Given information START
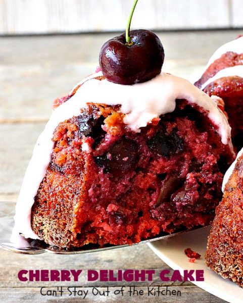 For a totally dynamite cake with fresh cherries thrown in for good measure, give this Cherry Delight Cake a try. I guarantee you will want slice, after slice, after slice! If fresh cherries are no longer available, you can substitute canned cherries. Just be sure to rinse and drain them really well before adding to the batter. Enjoy.
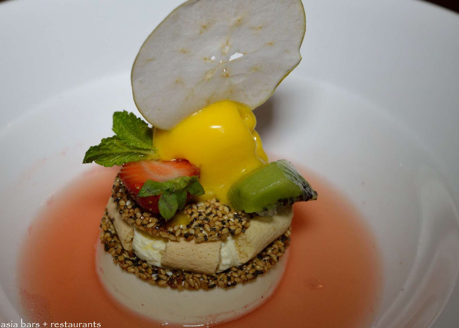 Passion Fruit Mascarpone Mousse & Mango sorbet with Watermelon jus.
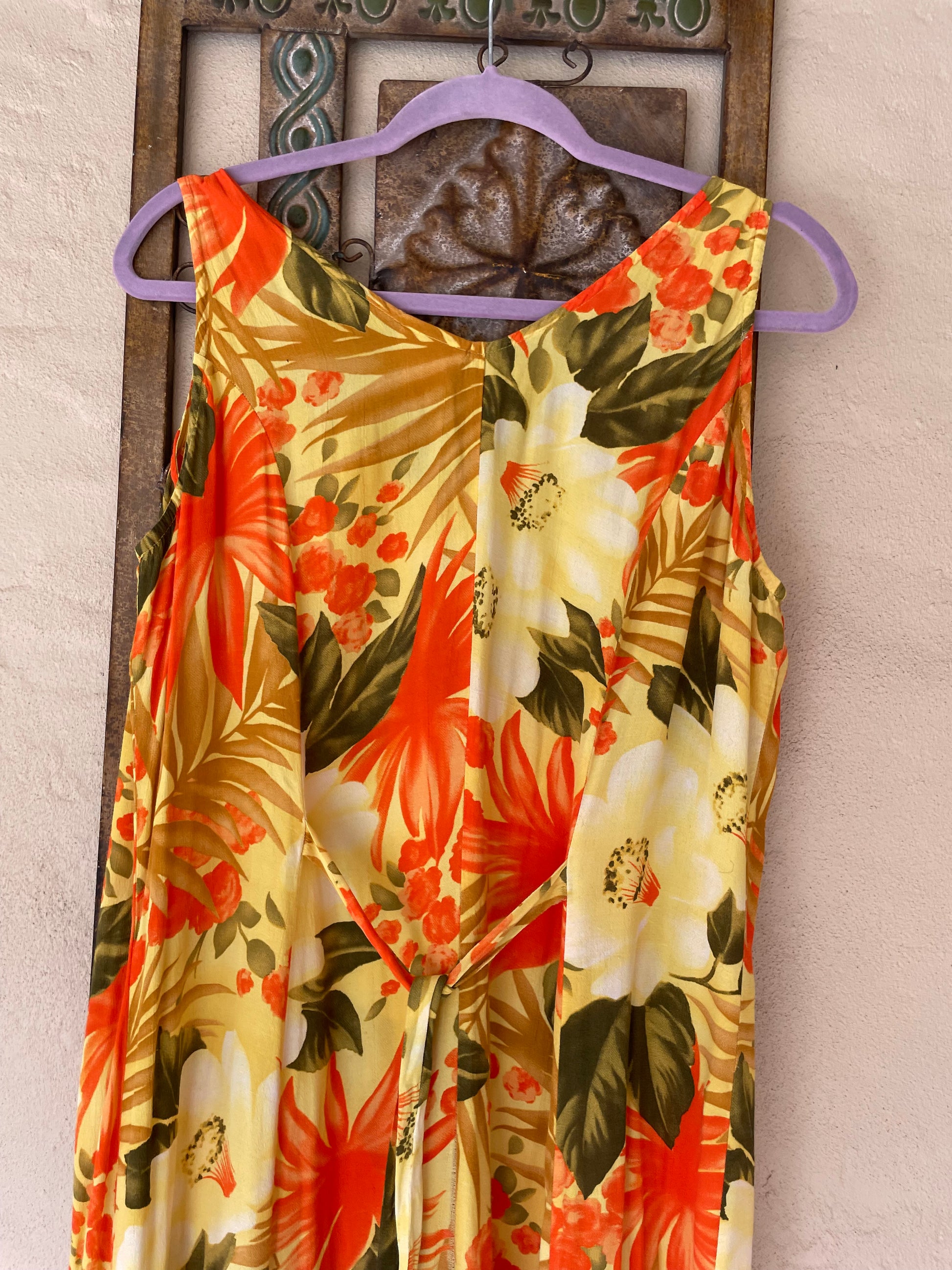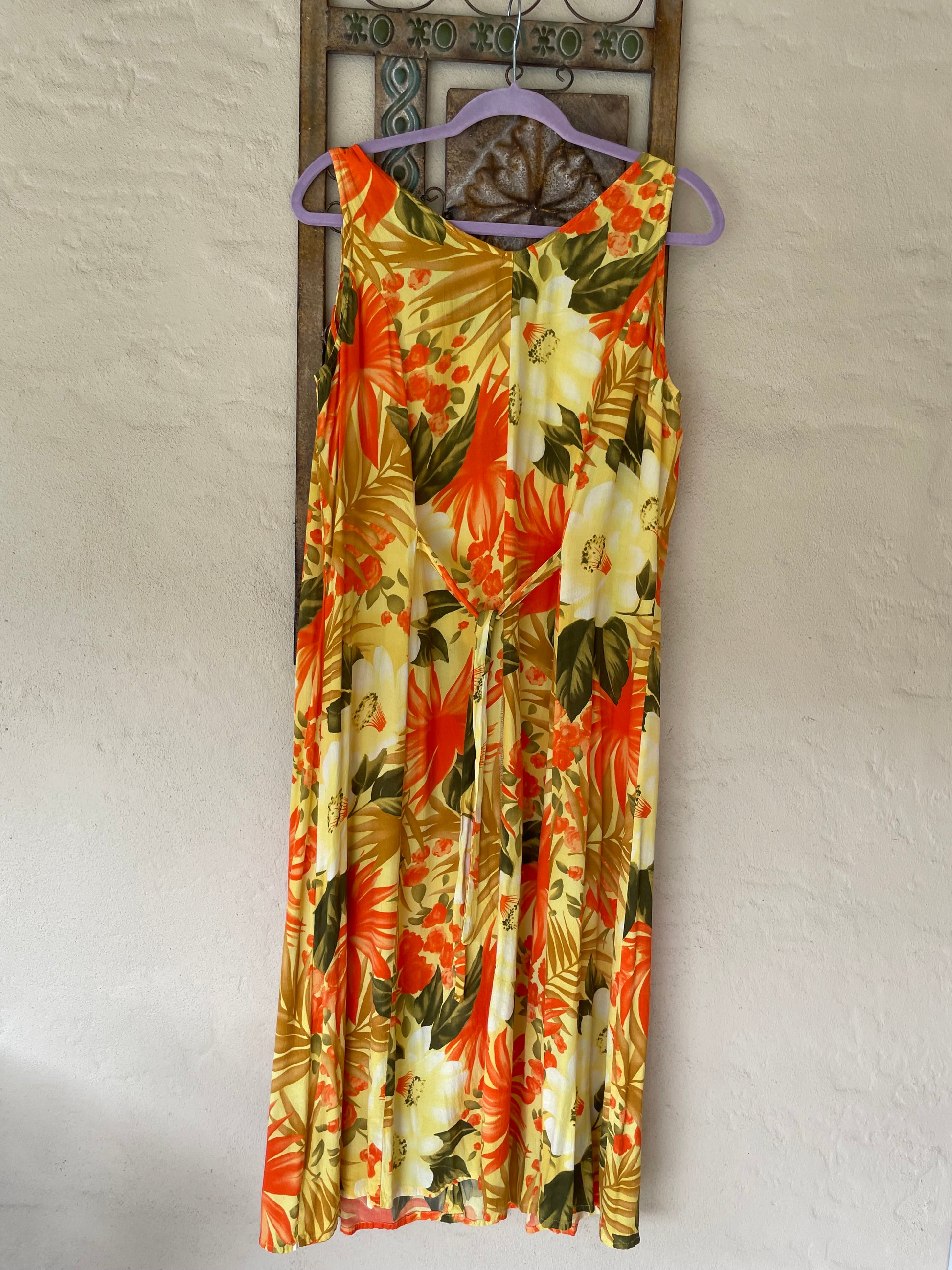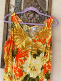 90s Vintage Florida Casual Floral Rayon Back Tie Midi Dress Lg
Given information END
» How to complete this task
Return the material exactly as written, except for any pictures it holds.

» Expected answer
 For a totally dynamite cake with fresh cherries thrown in for good measure, give this Cherry Delight Cake a try. I guarantee you will want slice, after slice, after slice! If fresh cherries are no longer available, you can substitute canned cherries. Just be sure to rinse and drain them really well before adding to the batter. Enjoy.
 Passion Fruit Mascarpone Mousse & Mango sorbet with Watermelon jus.
 90s Vintage Florida Casual Floral Rayon Back Tie Midi Dress Lg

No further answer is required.